Alcuni giocatori, mandati in campo con funzioni diverse dalle loro caratteristiche, offrono un rendimento al di sotto delle loro riconosciute possibilità. L’esempio lo offrono in diversi. Improta, validissimo in un centrocampo a cinque, ma che si smarrisce se schierato da esterno d’attacco. Donnarumma che risulta sempre determinante da prima punta, diventa evanescente sui lati. Vitale, che la sua partita la fa sempre, non può essere sacrificato in marcatura pura dove, non possedendo la fase di contenimento, rimedia sovente brutte figure.

Altri che in avvio di stagione dovevano rappresentare i perni della squadra, nei  rispettivi ruoli, non risultano ancora totalmente pervenuti. Schiavi, Laverone, Della Rocca, Perico. Lo stesso Tuia, se promosso a titolare fisso, evidenzia delle carenze.

Bollini, a domanda specifica, risponde aggrappandosi a degli alibi. L’espressione dei deboli a caccia di giustificazioni. I “se” o gli “avessimo” non rimpinguano la classifica. Il rischio che con i media si possano ripetere esperienze poco piacevoli, del recente passato, è già più di una semplice sensazione. Le lacune della difesa sono rimaste tali. Il centrocampo latita. Lo conferma e lo evidenzia la bocciatura di Ronaldo, sostituito ad Avellino allo scadere del primo tempo.

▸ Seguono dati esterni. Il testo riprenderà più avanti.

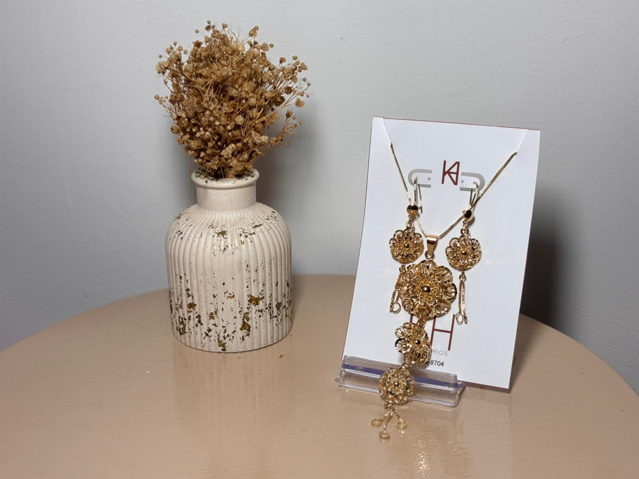 Set de candongas y cadena en material rodio; importante cuidar del perfume, cremas y agua.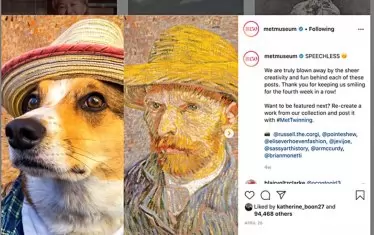 Още преди карантината започва поредица от неделни публикации Met Sketch („Мет скица“) - в социалните мрежи се публикуват скици на произведения, направени от посетители в залите на Метрополитън. Сега тази инициатива преориентирана - абонатите правят скици от домовете си. След това стартира кампанията #MetTwinning (Двойници от Мет), в която хората пресъздават различни произведения от музейните колекции и тя се оказва невероятно популярна.

Concetti ed idee sull’impostazione tattica denotano un approccio, del tecnico, poco positivo.

Il derby di Avellino appunto. Era particolarmente sentito dai supporters granata. Rappresentava una tappa determinante per ricompattare l’ambiente. Squadra e tecnici avevano l’opportunità di riconquistare anche la parte più “calda” del tifo. La vicinanza di quei 400 presenti alla rifinitura sulla “tribunetta” del Volpe rappresentava un messaggio che più esplicito non si può.

Gli ottocento tagliandi disponibili per gli spalti del Partenio, andati in esaurimento nel breve volgere di un’ora, ne sono la palese conferma. Magari ne fossero stati tremila si sarebbe verificato un esodo di massa. La prestazione non è stata pari alle premesse e la classifica del presente inizia a preoccupare. Gli umori si sono guastati. Al momento risultano tradite le stesse ambizioni di Claudio Lotito che vede allontanarsi la zona play off.

La domanda è inevitabile. Che Bollini possa essere ancora acerbo per la serie B?